С а ш а (выйдя из землянки, подходит к группе партизан). Седов! К начальнику. А вам, папаша, с Халковым надо собираться. Пойдемте! (Уходит с Халковым и отцом.)
С е д о в (спускаясь в землянку). Я вас слушаю, Степан Григорьевич!
Кочет кивает на лежащего человека.
Ага! Я как раз с дедом Русовым в болоте сидел. А девица эта, Катюша, с лукошком прогуливается и жалобно так вроде напевает: «Гаврила Федорович, Гаврила Федорович!» Ну, Гаврила Федорович меня в засаде оставил, а сам вылез… Катюша ему говорит: «Я от деда Трофима!» — и показывает три картошки. Условный знак у них такой. Гаврила Федорович тогда стал с ней разговаривать. Очень даже милая девушка…

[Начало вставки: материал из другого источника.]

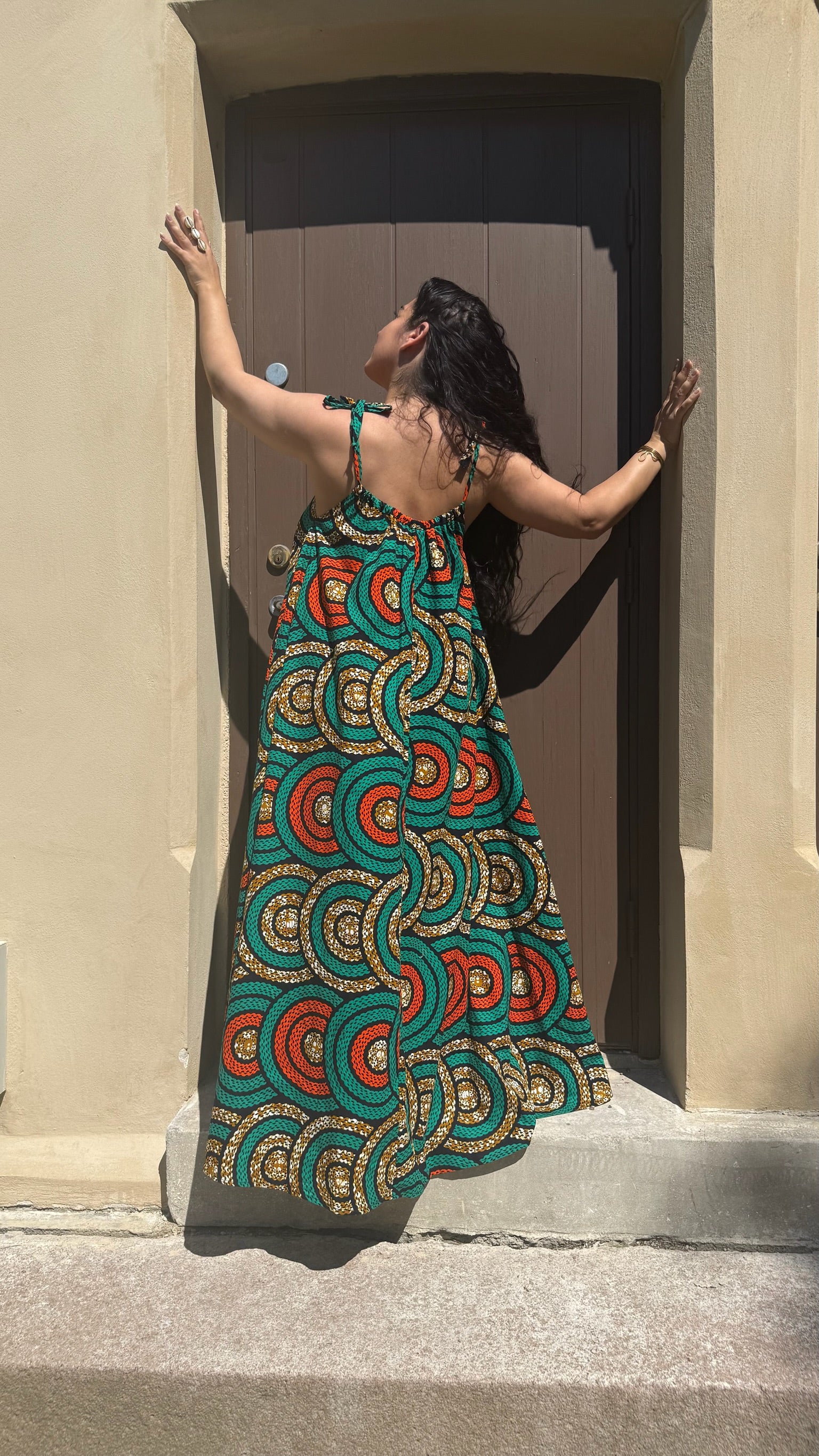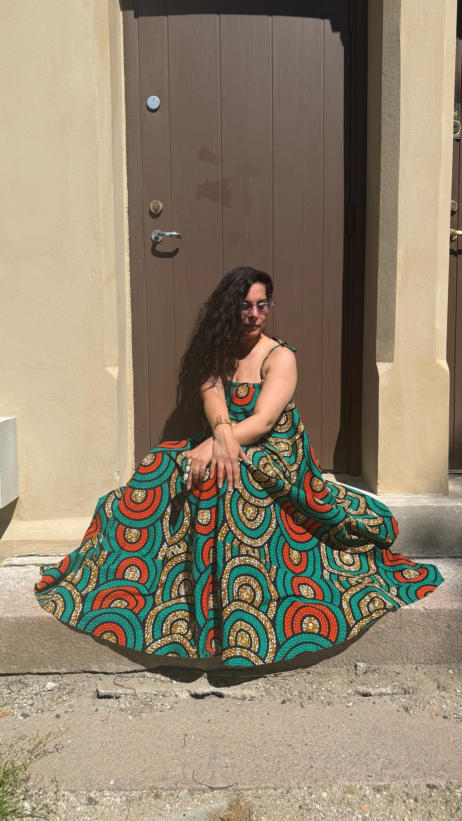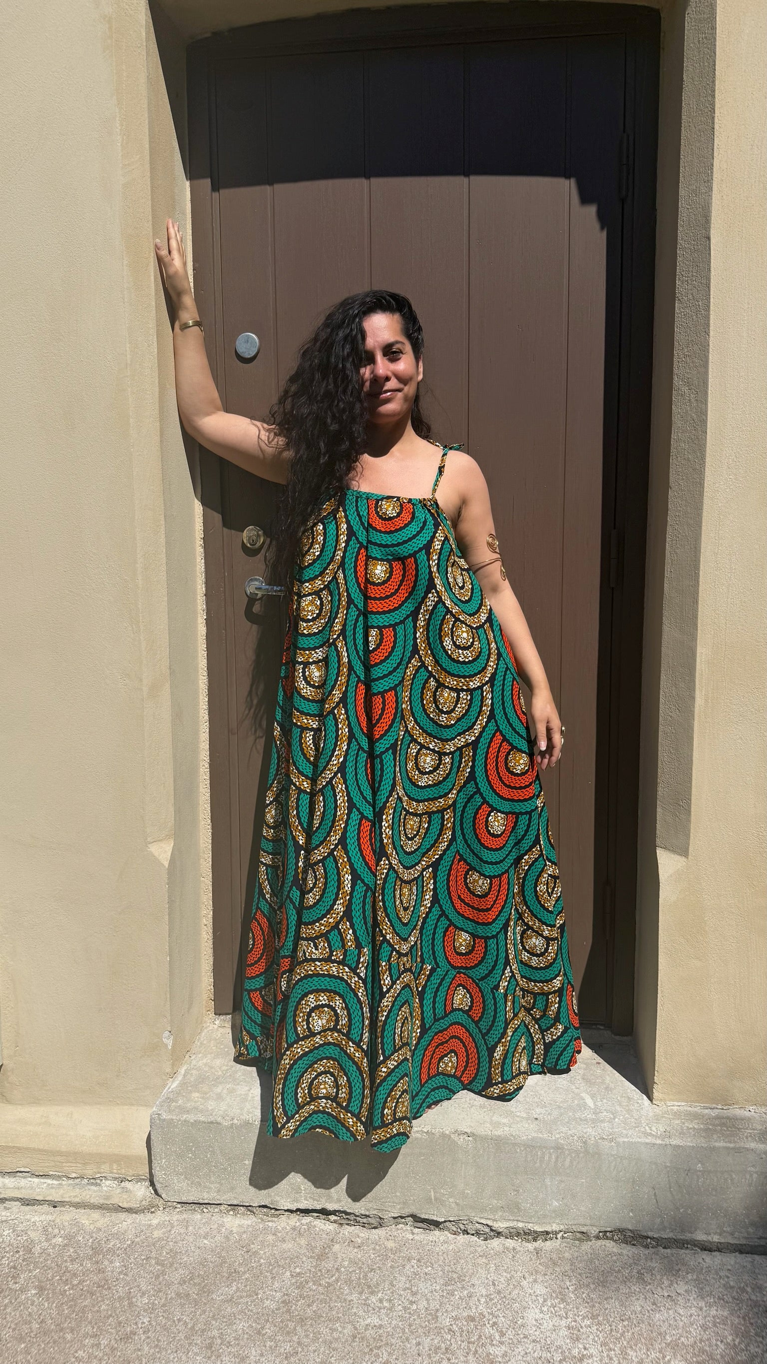 Passer alle størrelser. Modellen er ca. 165 cm høy.Håndlaget i 100% afrikansk stofftrykk på bomull.
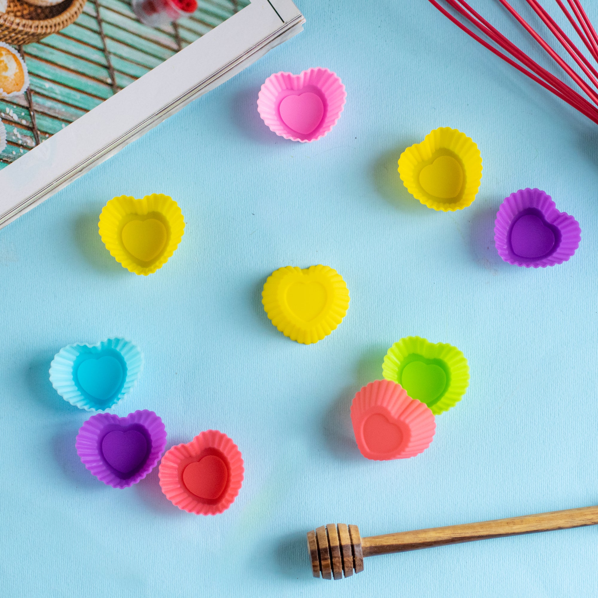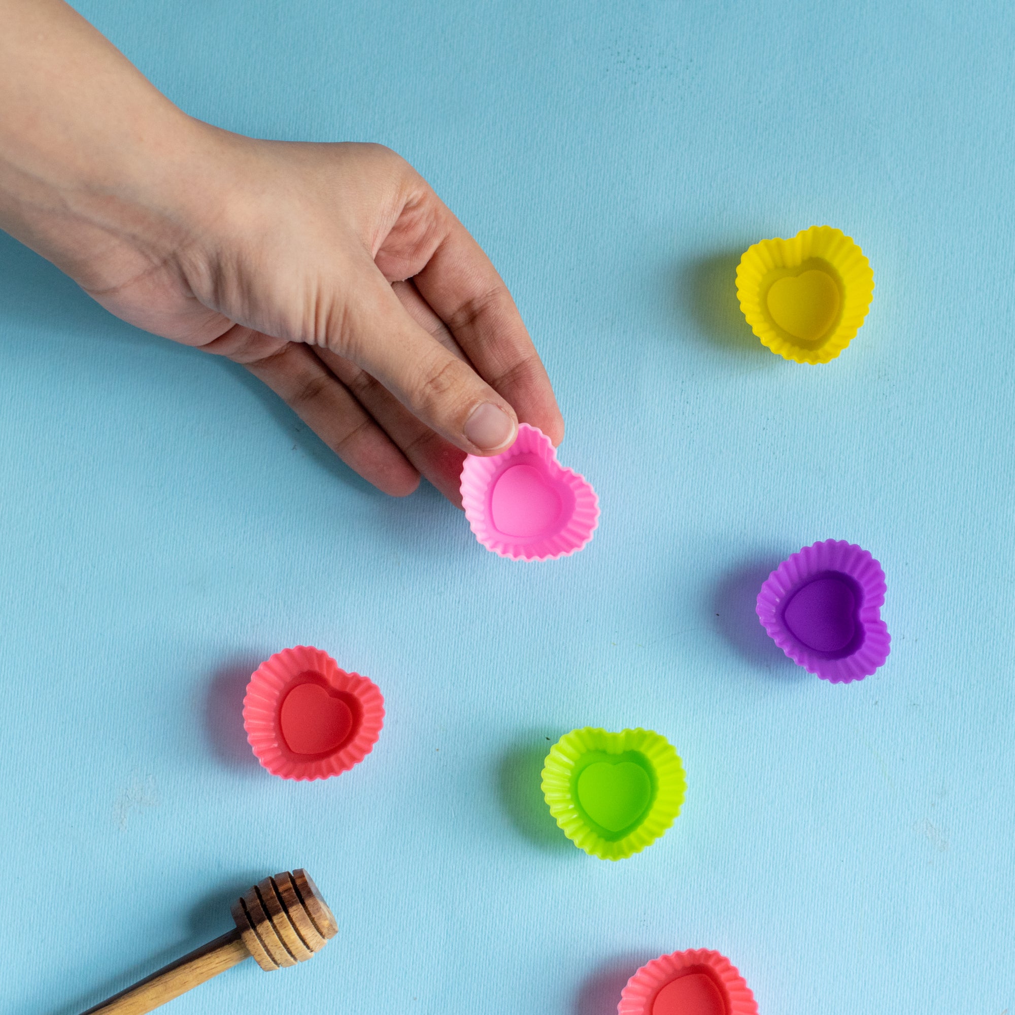 Individual heart shape moulds in pink, yellow, blue, green and purple for making the perfect heart shape cupcakes, candies, and chocolates. One can also also experiment with making heart shape macarons or cream filled creme brulee in these moulds, which are both heat and cold resistant. The moulds are durable and of flexible material which makes it very easy to pop out the baked or frozen product without any hassle.

К о ч е т. Ладно! Милая не милая — это мы с тобой потом разберем…
С е д о в. Виноват! Сказала насчет пленного красноармейца. Гаврила Федорович отпросился у товарища Ротмана, и мы пошли с ним на пару! (Кивнув на лежащего.) Четверо его сопровождали, связанного. Наверно, били, — шел шатаясь, весь в крови. Мы их сразу сняли с коней.
К о ч е т (видя, что человек вздрагивает, вдохнув нашатыря). Подожди! (Подходит ближе.)
Н а т а ш а. Вы слышите меня, товарищ?
Ч е л о в е к. Да… слышу… Кто вы?
Н а т а ш а. Друзья.
Ч е л о в е к. Откуда?
К о ч е т (останавливая Наташу). Из леса! А вот… вы кто такой будете?
Ч е л о в е к. Я — танкист! (Еще раз недоверчиво осматривается, пристально впивается глазами в Кочета. Пауза.) Танкист я! Водитель! Сержант Орлов, Петр… Могу за пулеметчика…
К о ч е т. Какой части?
О р л о в. Не скажу! Это — военная тайна!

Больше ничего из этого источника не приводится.